Tashkent State Transport University
- Former names: Tashkent State Transport University (TSTU)
- Established: 2020
- Rector: Abdurakhmanov Odil Kalandarovich (Doctor of Economics)
- Location: Tashkent, Uzbekistan
- Website: www.tstu.uz

= Tashkent State Transport University =

University in Tashkent, Uzbekistan

Tashkent State Transport University (TSTU) is a university in Uzbekistan.

==History==
Tashkent State Transport University was founded in 2020 and headquartered in Tashkent, Uzbekistan.

In May 2020 the Tashkent Institute of Railway Engineers, Tashkent Institute of Design, Construction and Maintenance of Automobile Roads and the Faculty of Aerospace Technology of Tashkent State Technical University were merged into the Tashkent State Transport University. The university includes 8 faculties and 39 departments.

With more than 90 years of history 200 thousand highly qualified specialists with higher and secondary professional education graduated from the university. They successfully work in transport and in other economic sectors in Uzbekistan and other countries.
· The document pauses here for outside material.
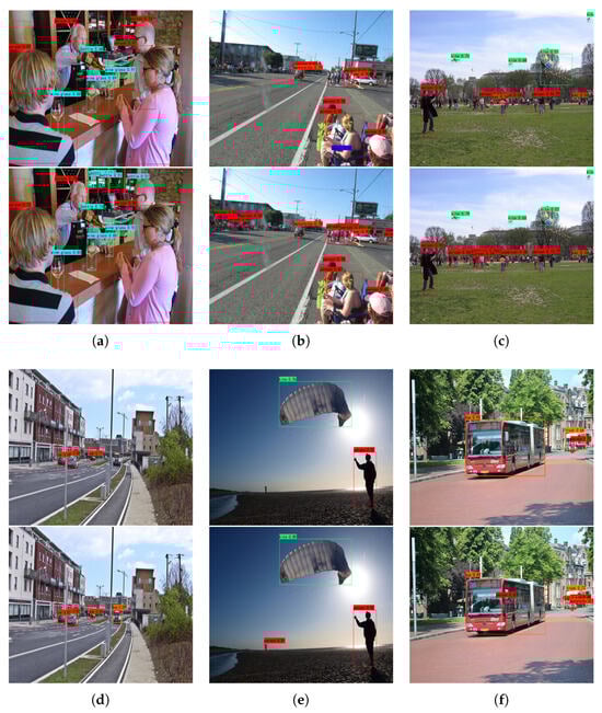 First, this work conducts some ablation studies in order to validate the efficiency of the CDAM. Table 2 shows the outcome. Compared to the baseline, the inclusion of the composite dilated convolution shows an improvement of 0.6% in detecting accuracy, while incorporating the CBAM results in an additional improvement of 0.3%. Moreover, with the introduction of the CDAM, while increase, there are corresponding improvements in and , rising by 2.2% and 3%, respectively. The above results conclusively demonstrate the efficacy of the CDAM, as well as the effectiveness of the composite dilated convolution. These enhancements not only enable the model to leverage context information more effectively but also strengthen its precise focus on crucial regions, providing clear evidence for the improvement in object detection performance across various object sizes.

==The main tasks and functions of the university==
- Training, retraining and qualifying competitive higher education specialists and scientific-pedagogical staff;
- Carrying out fundamental, practical and innovative research and studies on the key issues of transport development, implementing the results and putting forward proposals on widespread introduction of digital and other modern technologies;
- Developing cooperation with leading foreign higher education and research institutions in order to implement joint educational programs and research projects, improve the skills of university professors and organize the study of graduates in doctorate degrees abroad;
- Creating a continuous system of training for the transport sector, ensuring the continuity and flow of educational programs in the academic lyceums and professional educational institutions of the field;
- Organizing student internships in relevant organizations, establishing targeted cooperation for the employment of graduates together with organizations in the field of transport in order to provide an inextricable connection of theoretical training with practice.

==Faculties==
- Faculty of Railway transport engineering;
- Faculty of Electrical Engineering and computer engineering;
- Faculty of Economics;
- Faculty of construction;
- Faculty of Aviation transport engineering;
- Faculty and Departments;
- Faculty of Transportation Systems Management;
- Faculty of Automotive engineering.